Ans: Hello and thanks for writing to me. There are multiple parts of this question and let us tackle them one by one.

One question pertains to whether you should stop investing thru your adviser and switch to direct plans. You first need to evaluate whether your advisor has helped you achieve your financial goals well and in a manner that you were comfortable with. You also need to understand that choosing the right mutual fund by yourself is not just a matter of having time to study markets and funds but requires experience, knowledge and skills that one attains over time. Do you believe that you will be able to pick up these skills quickly? You need to deeply think about this and then make a decision.

On to the other part of where to invest a corpus of around Rs.38 Lakh, there are always reasons to not invest and reasons to invest. SIP's are simple and for most people, an effective tool for wealth creation, simply because you keep taking consistent steps towards your goal.
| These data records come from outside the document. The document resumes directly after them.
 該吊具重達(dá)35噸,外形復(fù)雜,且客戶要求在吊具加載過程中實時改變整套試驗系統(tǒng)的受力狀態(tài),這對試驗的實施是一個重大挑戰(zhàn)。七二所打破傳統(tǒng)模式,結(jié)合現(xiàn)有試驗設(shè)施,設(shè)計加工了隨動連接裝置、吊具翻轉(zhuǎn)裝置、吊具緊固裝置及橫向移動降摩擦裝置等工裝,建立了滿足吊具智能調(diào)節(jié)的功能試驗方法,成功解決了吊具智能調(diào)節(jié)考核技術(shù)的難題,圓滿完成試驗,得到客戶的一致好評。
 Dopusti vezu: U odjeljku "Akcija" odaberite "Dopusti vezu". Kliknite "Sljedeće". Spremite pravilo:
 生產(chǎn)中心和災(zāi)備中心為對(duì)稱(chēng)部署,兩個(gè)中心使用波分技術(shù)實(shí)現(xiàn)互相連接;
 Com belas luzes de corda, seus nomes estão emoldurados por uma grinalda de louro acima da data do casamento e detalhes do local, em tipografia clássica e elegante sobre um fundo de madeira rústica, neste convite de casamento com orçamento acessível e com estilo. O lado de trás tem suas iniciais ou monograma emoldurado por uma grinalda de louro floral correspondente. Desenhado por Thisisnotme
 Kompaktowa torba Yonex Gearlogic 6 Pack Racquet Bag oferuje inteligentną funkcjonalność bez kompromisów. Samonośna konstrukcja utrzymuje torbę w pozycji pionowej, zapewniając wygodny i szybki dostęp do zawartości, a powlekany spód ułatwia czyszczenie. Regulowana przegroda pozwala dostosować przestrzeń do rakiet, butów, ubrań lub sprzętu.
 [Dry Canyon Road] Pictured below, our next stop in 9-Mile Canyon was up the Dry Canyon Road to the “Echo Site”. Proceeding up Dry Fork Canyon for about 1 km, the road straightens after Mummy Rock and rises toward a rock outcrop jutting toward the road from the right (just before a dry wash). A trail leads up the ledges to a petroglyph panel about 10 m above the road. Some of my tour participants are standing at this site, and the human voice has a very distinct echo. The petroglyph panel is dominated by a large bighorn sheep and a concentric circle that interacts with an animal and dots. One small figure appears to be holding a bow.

If you feel markets are too overvalued and expect a correction, then your strategy of investing via SIP's over 6 months may be a good idea, but if markets rise and you miss out gains, you may regret sitting out on the sidelines. To come to the mechanics of your, a systematic transfer plan where you invest in a liquid or overnight fund and instruct the AMC to switch corpus into an equity scheme of your choice. This way you get the returns of a liquid fund and the ability to switch the funds from the source scheme (liquid fund in this case) to an equity or any other scheme of your choice.
DISCLAIMER: The content of this post by the expert is the personal view of the rediffGURU. Users are advised to pursue the information provided by the rediffGURU only as a source of information to be as a point of reference and to rely on their own judgement when making a decision.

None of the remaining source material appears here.